Over the weekend, the good Roger Ailes linked to this Washington Post story about Fred Malek, who's apparently been a creep even longer than he's been a top Republican mover and shaker.
The Post story notes that in 1959, when Malek was 22, he and some friends got rip-roaring drunk and decided to skin and eat a dog -- a stunt for which they were arrested. No big deal, you might say -- except that, as the Post story notes, not long afterward Malek was the White House chief of personnel and agreed, at Richard Nixon's request, to examine the Bureau of Labor Statistics in order to determine how many Jews worked there. (Nixon felt there was a "Jewish cabal" at the BLS.) And more recently Malek (who's looking to become an owner of the Washington Nationals baseball team) has run afoul of the Securities and Exchange Commission.

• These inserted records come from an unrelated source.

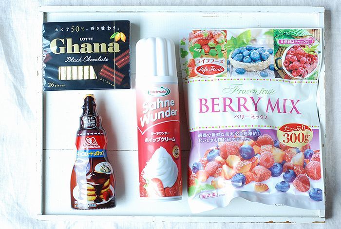 ・ホイップクリーム、チョコシロップ、冷凍ベリー等 お好みで
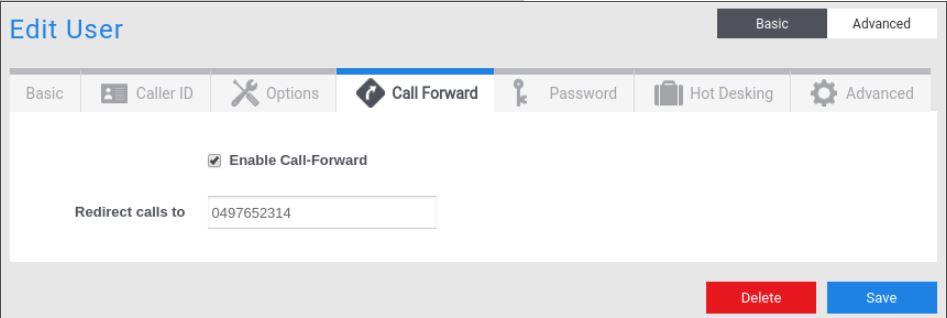 3 – Check “Enable Call-Forward” to activate call forwarding to the number in “Redirect calls to”.  These two fields will reflect changes made via a phone.
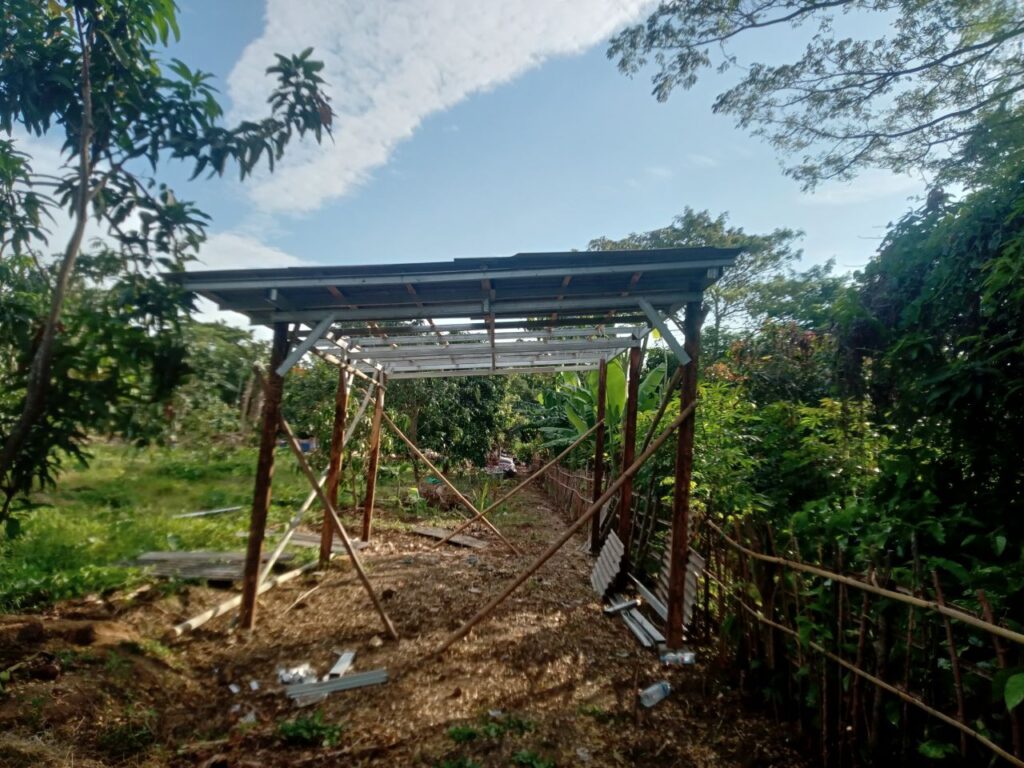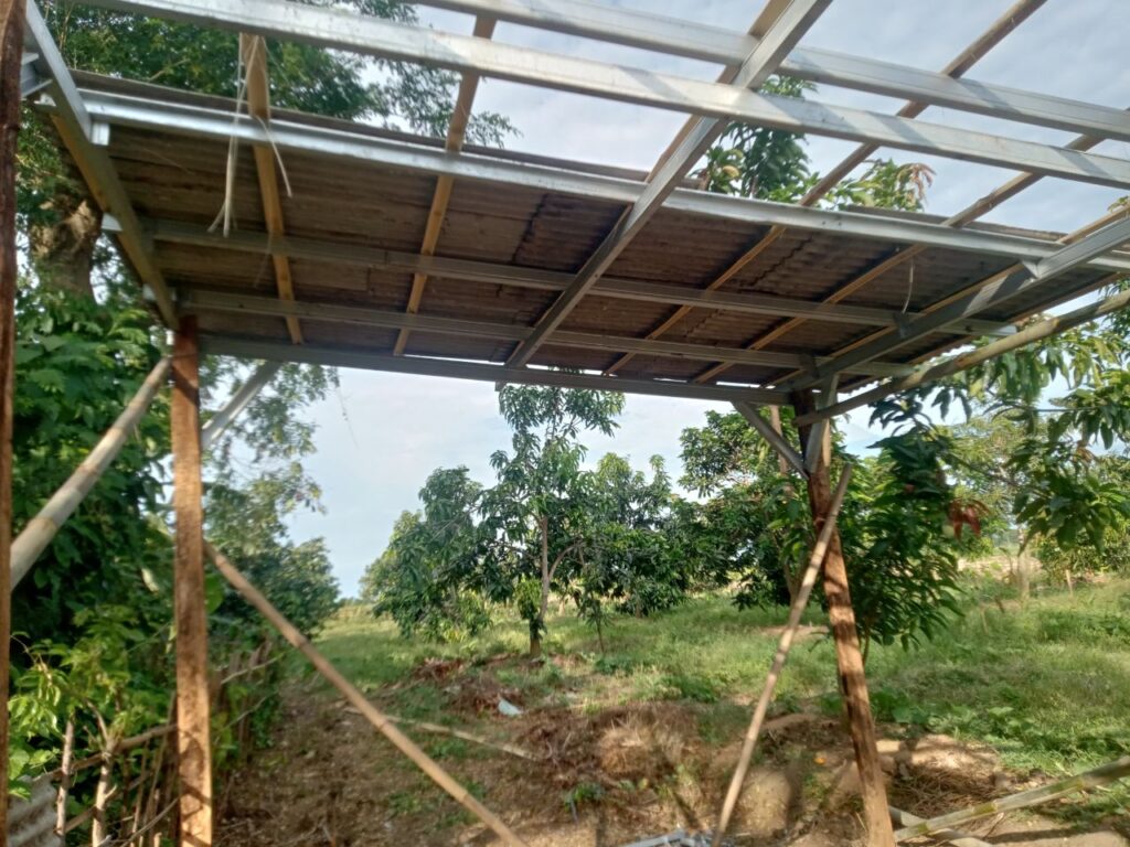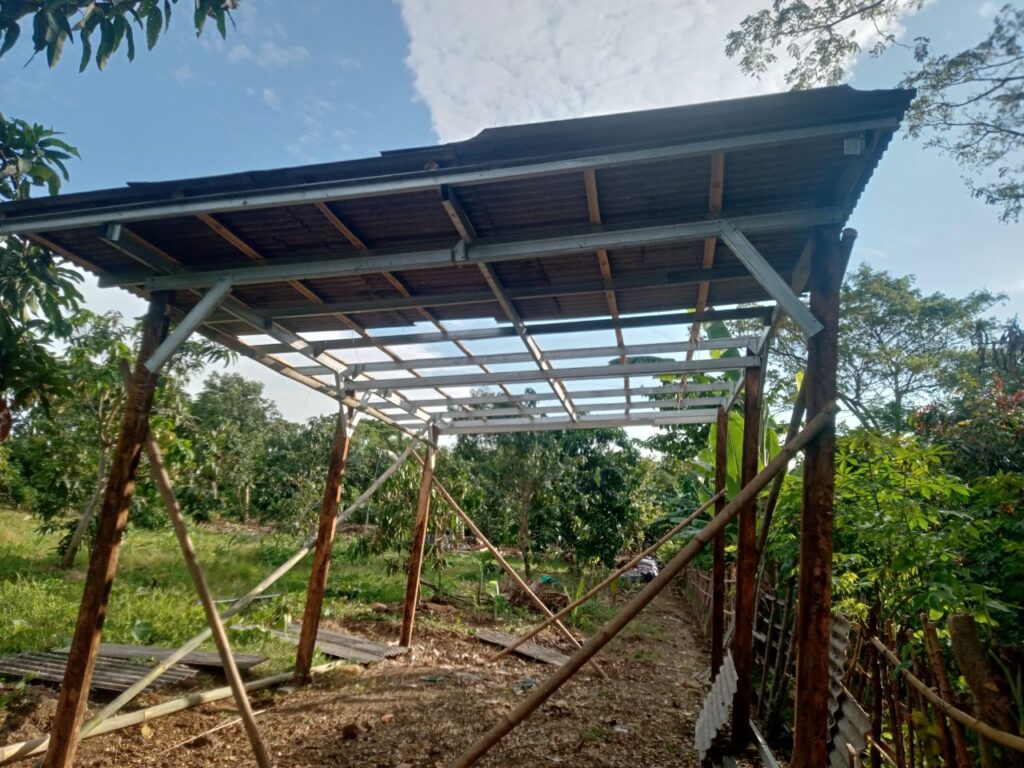 Salah satu kebutuhan untuk kebun adalah pemupukan secara berkala. Pemupukan di kebun mangga ini diset satu bulan sekali. Untuk keperluan tersebut, Zeze Zahra membuat naungan sederhana menggunakan bahan yang ada.
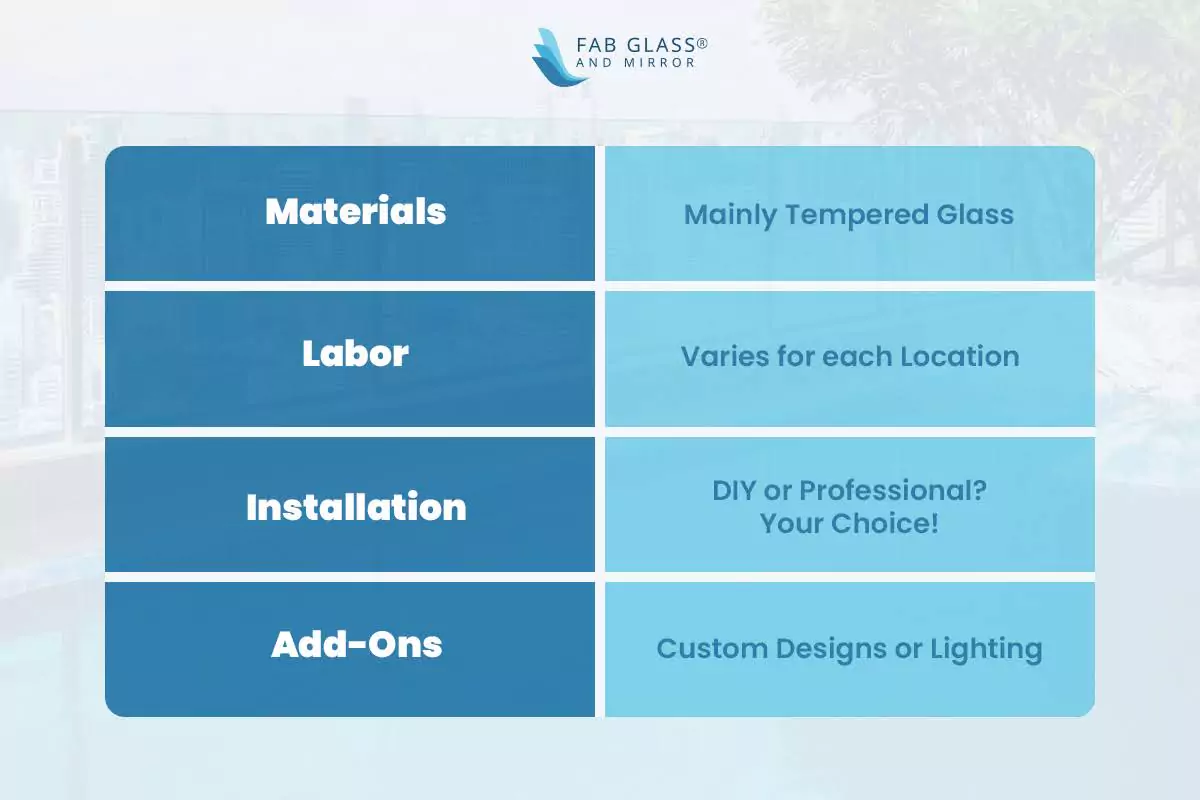 Several elements contribute to the overall GLASS DECK RAILING COST. Here’s a detailed look at each component:
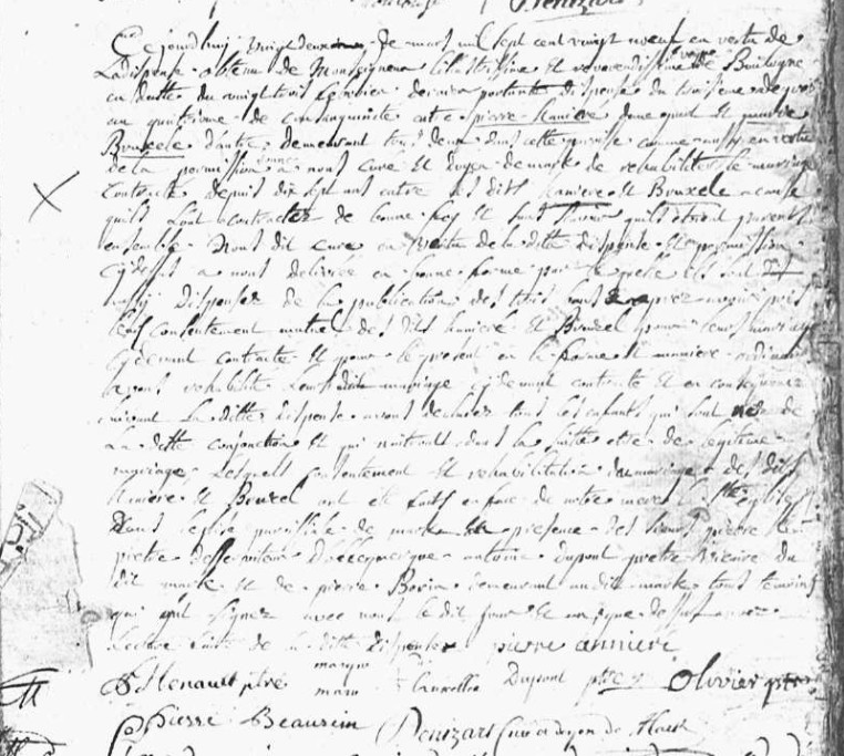 Alors qu’il est marié à Marie BRUXELLES depuis déjà dix-sept ans, le couple doit soudainement faire face à un imbroglio juridique et religieux. La découverte d’un lien de consanguinité jusqu’alors ignoré menace la légitimité de leur nombreuse descendance. Cet acte de réhabilitation, obtenu après une dispense de l’Évêque de Boulogne, est un témoignage rare de la « bonne foi » des époux et des stratégies familiales mises en œuvre pour protéger l’héritage et l’honneur d’une lignée.
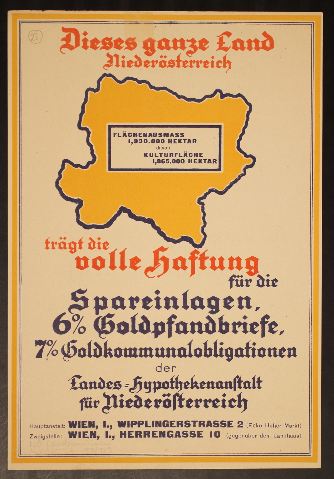 Gelb umrandetes Blatt mit blau-gelber Darstellung des Bundeslandes Niederösterreich. In der Mitte der Darstellung eine eingesetzte Kartusche mit Text: „Flächenausmass 1,930.000 Hektar, davon Kulturfläche 1,865.000 Hektar“, weiters blauer und roter Text: „ Dieses ganze Land Niederösterreich trägt die volle Haftung für die Spareinlagen, 6% Goldpfandbriefe, 7% Goldkommunalobligationen der Landes-Hypothekenanstalt für Niederösterreich“ ausgestellt von der Landeshypothekenanstalt NÖ, Goldpfandbriefe, Reklamedruck.

Two words that don't show up in the Post story, however, are "George" and "Bush." As Timothy Noah noted in Slate in 2001, Malek was the elder Bush's "hand-picked deputy chairman for the Republican National Committee," but was forced to resign in 1988 when his role as Nixon's Jew-counter surfaced. This didn't prevent Poppy from making Malek an adviser to his 1992 campaign. Nor did it prevent the younger George Bush from turning to Malek for help in forming a group to buy the Texas Rangers baseball team.
By the way, here's part of the Post's account of Malek's SEC troubles:
The SEC charged that in 1998 the Connecticut treasurer, Paul J. Silvester, used state pension investments in Malek's company to reward a friend and political supporter, William DiBella, former majority leader of the Connecticut Senate.
The SEC charged that Malek, who was seeking state money for investment in one of [his company] Thayer's funds, hired DiBella and paid him a percentage of the state pension fund's total investment with Malek's company, "even though DiBella had no prior involvement with the transaction and ultimately performed no meaningful work related to the investment." DiBella understood from Silvester that he didn't have to do any work for Malek or his company and that Silvester even increased the amount of the pension fund's investment with Malek "by at least $25 million (to a total of $75 million) solely to secure a larger fee for DiBella," according to the SEC News Digest.
Hmmm -- a politically connected guy participating in a deal with Malek and making a lot of money while not doing very much? Where have I heard this before?
[George W.] Bush ... received $15 million for his share of the Texas Rangers franchise....
Bush's stake in the team, just under 2 percent, [had been] among the smallest. He purchased his shares with a $500,000 loan from a Midland bank of which he had been a director and eventually scraped together another $106,000 to buy out two other limited partners....
... While ... the other partners remained in the background, George W. behaved as if he were "the owner" of the Rangers. He attended every home game and even printed "baseball cards" bearing his own picture to hand out from his box.
(The big money in Texas, of course, came as the result of an extremely cushy deal to finance a new stadium with tax revenues. As Timothy Noah continues to point out in Slate, Malek is quite likely to benefit from a similar taxpayer-subsidized deal if his group succeeds in acquiring the D.C. baseball team.)